中村:実業団で競技を続けるつもりです。実業団では、まずは楽しく陸上競技がしたいと思っています。どこに所属しても、働きながら競技をするのは大変だと思っていますが、環境や状況の違いに甘えずに取り組んでいきたいです。
杉林:プレッシャーはあると思うけれど、選手にとって「結果を求められる」ことは、幸せなことですから。そういう心境でいれば、また新しい競技の楽しみ方が見つかると思います。
中村:競技を引退しようと決めたのは、どんなタイミングだったのですか?そこから指導者の道に進まれたのは、どうしてですか?
杉林:特に何か理由があって引退したわけではなく、自分の中で「絶対に勝つ」「オリンピックに出る」という強い気持ちが少し薄れてきたのを感じて、じわじわと緩やかに引退した感じです。
競技から退いて、次に同じぐらいのエネルギーを注げるものは何だろう、と考えた時に、頭に浮かんだのが、指導者でした。現役時代を振り返ると、僕は自分の変化や成長にとにかく一生懸命だったので。だからこそ、今度はほかの選手の変化や成長に直接関わりたいと思いましたし、それはすごく面白くて、意義のあることだと感じたんです。
誰かの心に残るような選手になりたい
杉林:これからの中村さんには、自分の殻を破ってほしいと思っています。大学に入って自己ベストを出して、そこから後、思うように記録が伸びていないというのが現状なように感じますが、どうですか?
中村:自分に今何が必要なのかとか、競技と向き合う中での悩みなど、自分自身が思っていることをうまく言えないことで、競技にも支障が出たのかもしれません。自分が思ったことを意見として言うという点でも、殻を破るのはすごく大事だと思っています。
杉林:中村さんは、もっと自信を持っていいと思っています。今、試合でも、1本跳ぶごとに僕のところに確認に来てくれますが、そうしなくても本当は大丈夫。
もちろん、確認したいことや聞きたいことがあれば、いつでも来てくれていいんです。僕は、常に意見を持っているし、アドバイスする準備も常にしていますから。いつでも来ていいし、いつでもアドバイスできるけれど、いつも来なくても大丈夫(笑)。「先生、もう分かってるから任せて。次の跳躍、見ておいて」というのであれば、それは頼もしいし、それぐらいでいいと思っています。これからの目標はどのように考えていますか?

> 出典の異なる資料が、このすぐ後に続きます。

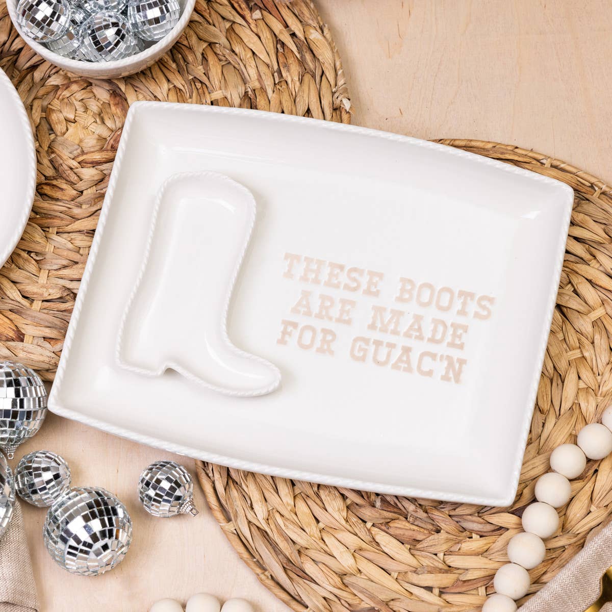 This charming ivory ceramic dish features a raised boot detail and embossed lettering that reads “These Boots Are Made for Guac’n.” Perfect for chips and dip, jewelry, or a touch of Western glam on your coffee table.
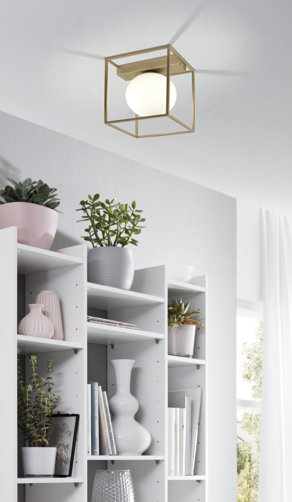1 LT Ceiling Light w/ Champagne Finish & White Glass Shade
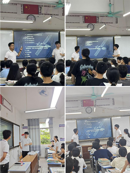 (圖為團(tuán)隊(duì)成員為亞山一中的同學(xué)們進(jìn)行資助政策與國學(xué)、航天精神知識(shí)競(jìng)賽活動(dòng)。徐愉松 供圖)
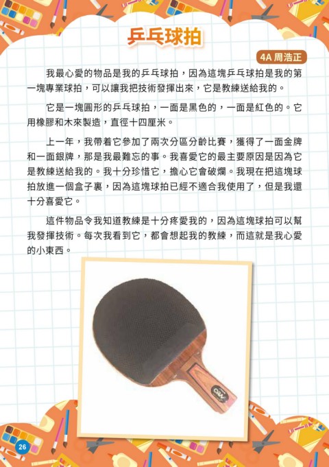 這件物品令我知道教練是十分疼愛我的,因為這塊球拍可以幫
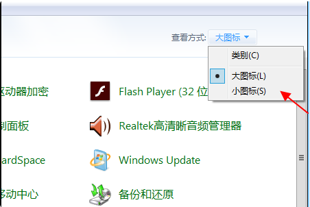 4.然后在弹出来的窗口中点击打开右上角的“查看方式” ,选择“大图标”选项。
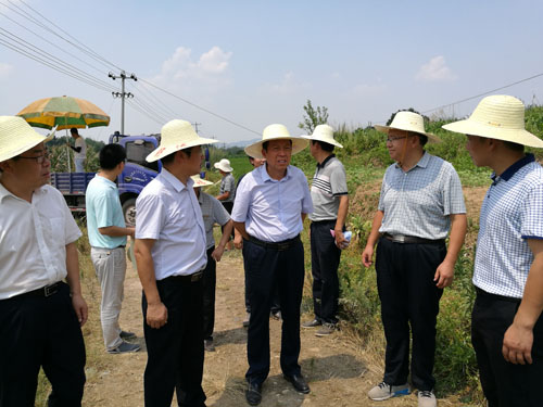7月25日,县委书记梁国金率县农委、水务等单位主要负责人,深入田间地头察看水稻秧苗生长情况,现场指导抗旱保苗工作。副县长纪昌国陪同。

中村:オリンピックを目指していきたいです。でも、結果だけにとらわれず、自分が競技を引退する時に、「陸上選手で良かった」と思えるような競技生活を送りたいし、誰かの心に残るような選手になりたいと思っています。
杉林先生に指導を受けるようになって、まだ日は浅いですが、もっともっと学びたいと思っています。日本インカレでは表彰台に上がって、先生にメダルをかけられるように頑張ります。
杉林:期待しています。4月に順天堂大学に就任して、僕自身も様子を見つつ指導していたところもありましたが、これからどんどん僕がもっているものを出していきます。スポーツ健康科学部でも中村さんとも、まだまだやりたいことがたくさんあります。少しずつ、進めていきましょう。